Можно наблюдать, как экосистема пропаганды подпитывает данный паралич. Ходят слухи, что иностранные силы вооружили протестующих. Иранские чиновники усиливают эти инсинуации, чтобы переложить ответственность на внешних игроков и представить восстание как операцию, проводимую по чужой указке. Иностранные медиа, связанные с иностранными интересами, прибегают к тем же самым инсинуациям, чтобы выставить себя скрытой силой. Интервенционисты используют все это, чтобы оправдать эскалацию, а часть западных левых — дабы оправдать собственное молчание.

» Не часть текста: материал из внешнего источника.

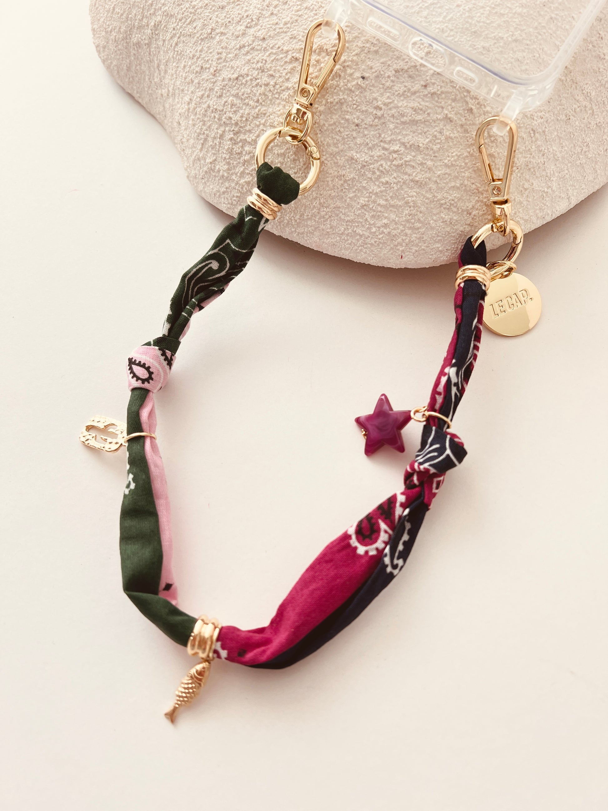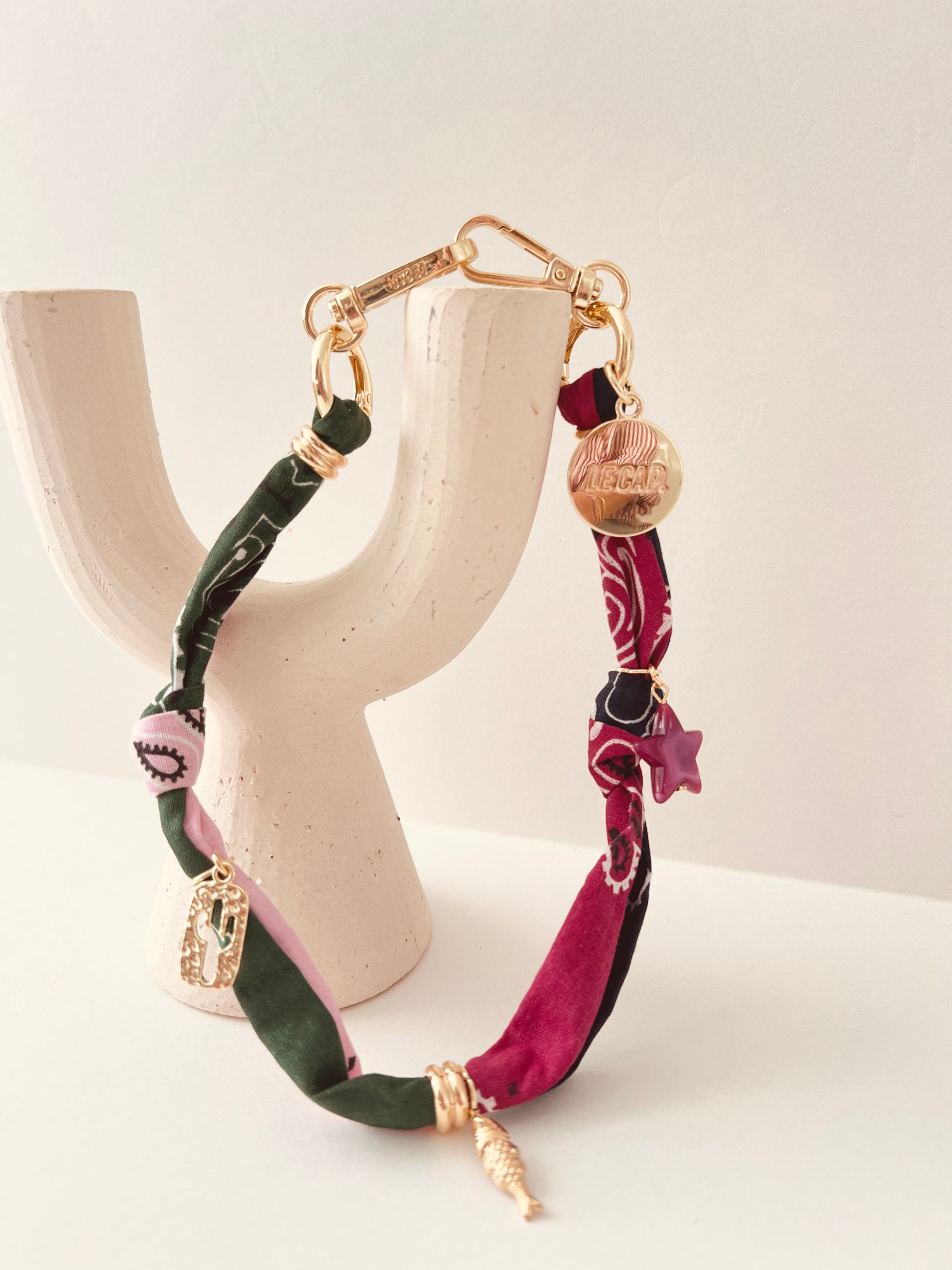 Knotted cotton bandana wrist strap with charm and bead detail.

Они говорят: «Поглядите-ка, это все иностранная агитация! Не стоит громко выражать сочувствие этим протестующим». А затем Хамид Дабаши кристаллизует сей замкнутый прекраснодушный антиимпериализм в пропаганду для Аль-Джазиры — телеканала, который базируется в Катаре, где находится одна из крупнейших военных баз США в Передней Азии. Такова конечная цель Дабаши: превратить каждое восстание в заговор Моссада, и тогда вам никогда не придется слышать запах крови на улицах.
Именно с этого момента историческая серьезность должна начинаться, вместо того чтобы завершаться в путаной псевдоинтеллектуальной педантичности вопрошаний «А что, если…» Новости об иностранной агитации — это не откровение, а обычный фоновый шум современной геополитики. Вопрос в том, остается ли у людей возможность действовать в этом шуме и может ли восстание быть одновременно реальным и внедренным, местным и интернационально вовлеченным, эмансипаторным по импульсу и уязвимым к перехвату. Если иностранное вмешательство дисквалифицирует восстание, почти ни одно восстание не сойдет за таковое.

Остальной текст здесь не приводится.